◆ Problem statement: Your task is to repeat the lines below exactly, excluding any pictures they contain.

◆ Supplied material:
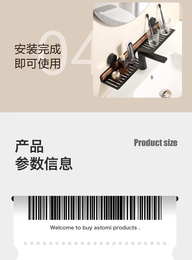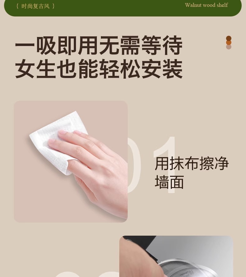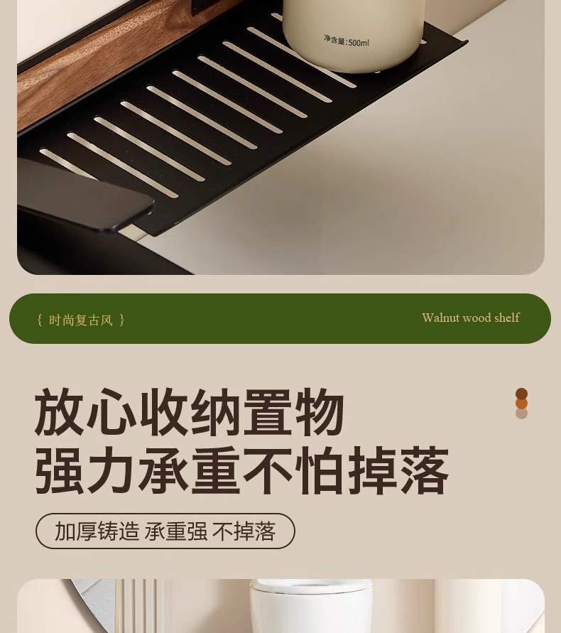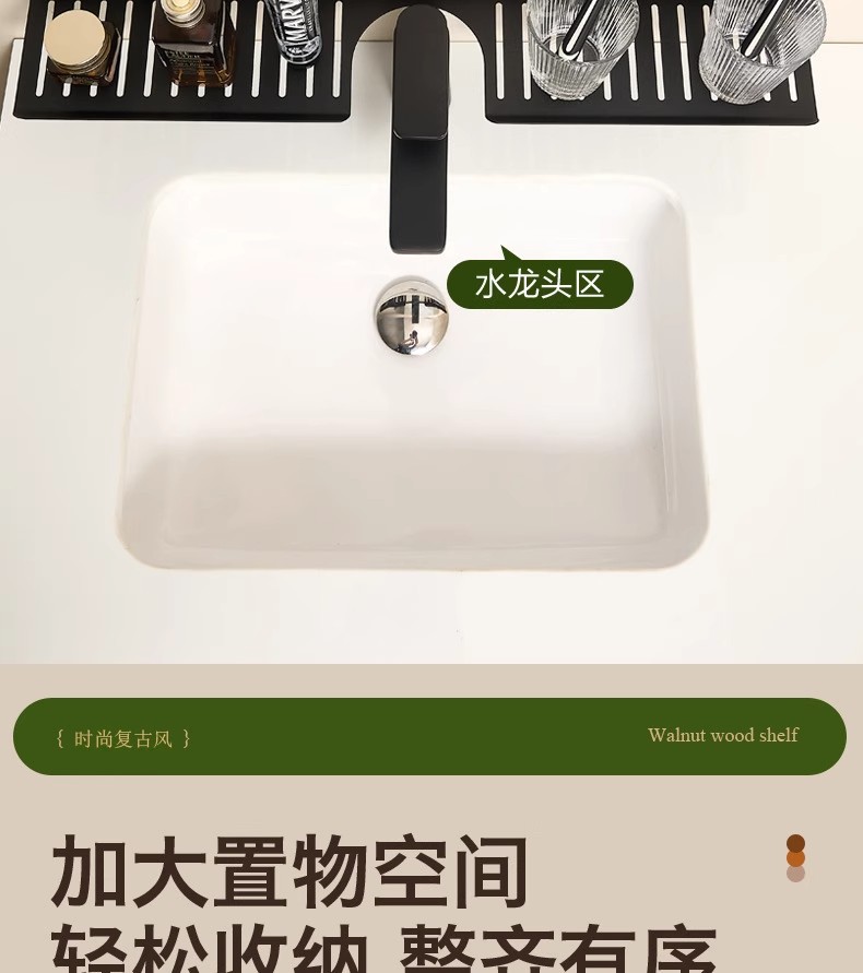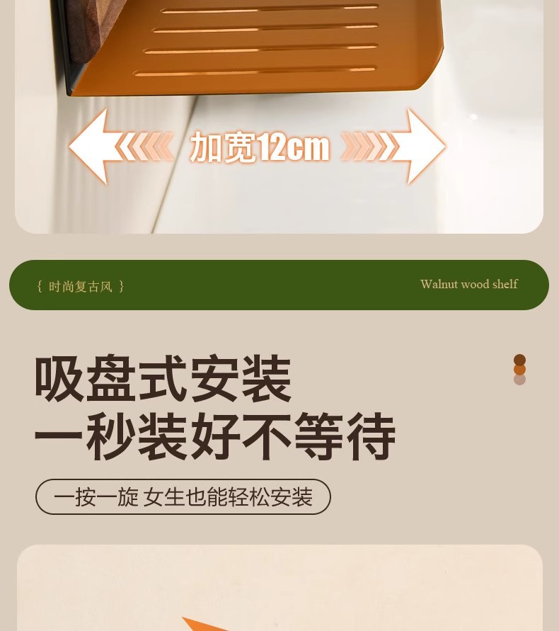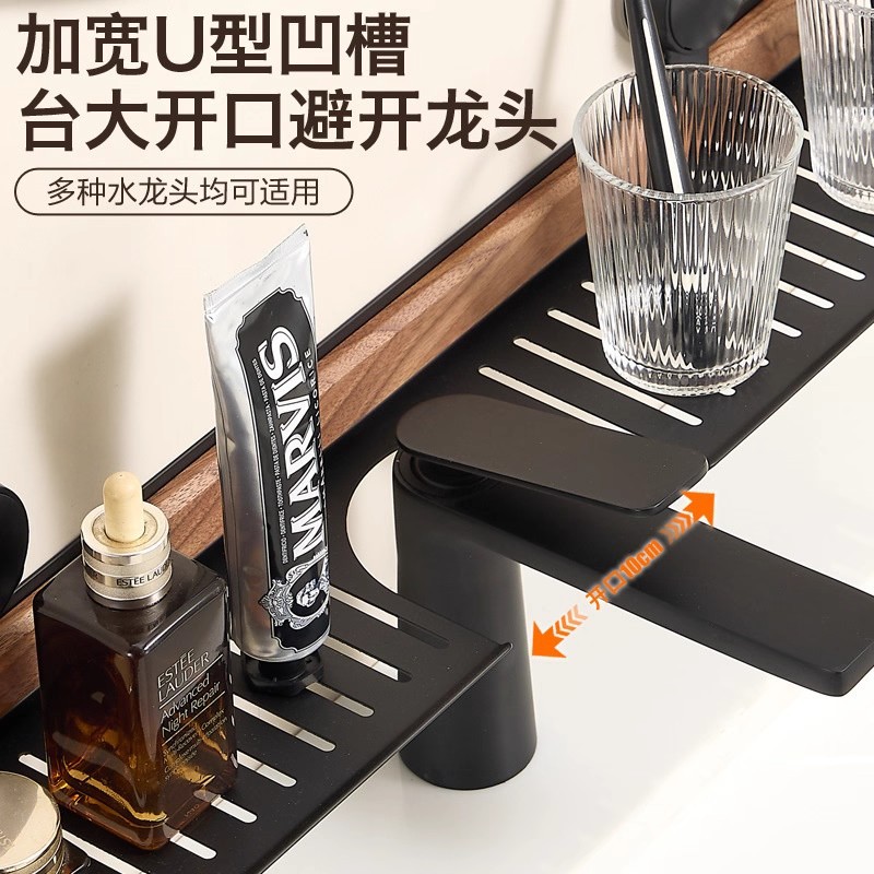 胡桃木吸盘卫生间置物架免打孔浴室镜前水龙头洗漱台洗手池收纳架
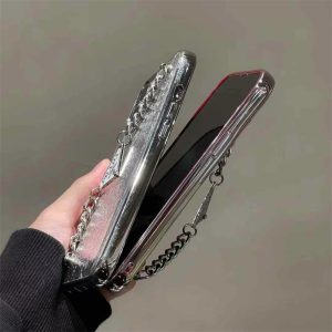 アルミニウム風のプラダiphone16ケース。光を反射して華やかな印象を与えます。特徴的なのは、ケースについたシルバーのチェーンと、チェーンに取り付けられたプラダのトライアングルロゴで、これらの要素が組み合わさり、ケースに高級感とファッション感をもたらしています。
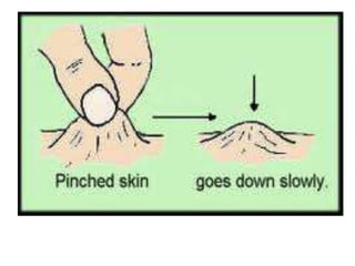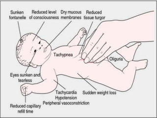 This document discusses dehydration in pediatrics. It defines dehydration and explains its pathophysiology and types based on severity and fluid/electrolyte loss. Causes of dehydration include diarrhea, vomiting, excessive sweating, diabetes and burns. Diagnosis involves blood and urine tests to check electrolyte levels. Signs and symptoms range from mild thirst to severe complications depending on the percentage of fluid loss. Treatment involves oral or IV fluid replacement depending on severity. Nursing care focuses on monitoring fluid intake and output, providing skin care and educating families on prevention.

◆ Solution:
 胡桃木吸盘卫生间置物架免打孔浴室镜前水龙头洗漱台洗手池收纳架
 アルミニウム風のプラダiphone16ケース。光を反射して華やかな印象を与えます。特徴的なのは、ケースについたシルバーのチェーンと、チェーンに取り付けられたプラダのトライアングルロゴで、これらの要素が組み合わさり、ケースに高級感とファッション感をもたらしています。
 This document discusses dehydration in pediatrics. It defines dehydration and explains its pathophysiology and types based on severity and fluid/electrolyte loss. Causes of dehydration include diarrhea, vomiting, excessive sweating, diabetes and burns. Diagnosis involves blood and urine tests to check electrolyte levels. Signs and symptoms range from mild thirst to severe complications depending on the percentage of fluid loss. Treatment involves oral or IV fluid replacement depending on severity. Nursing care focuses on monitoring fluid intake and output, providing skin care and educating families on prevention.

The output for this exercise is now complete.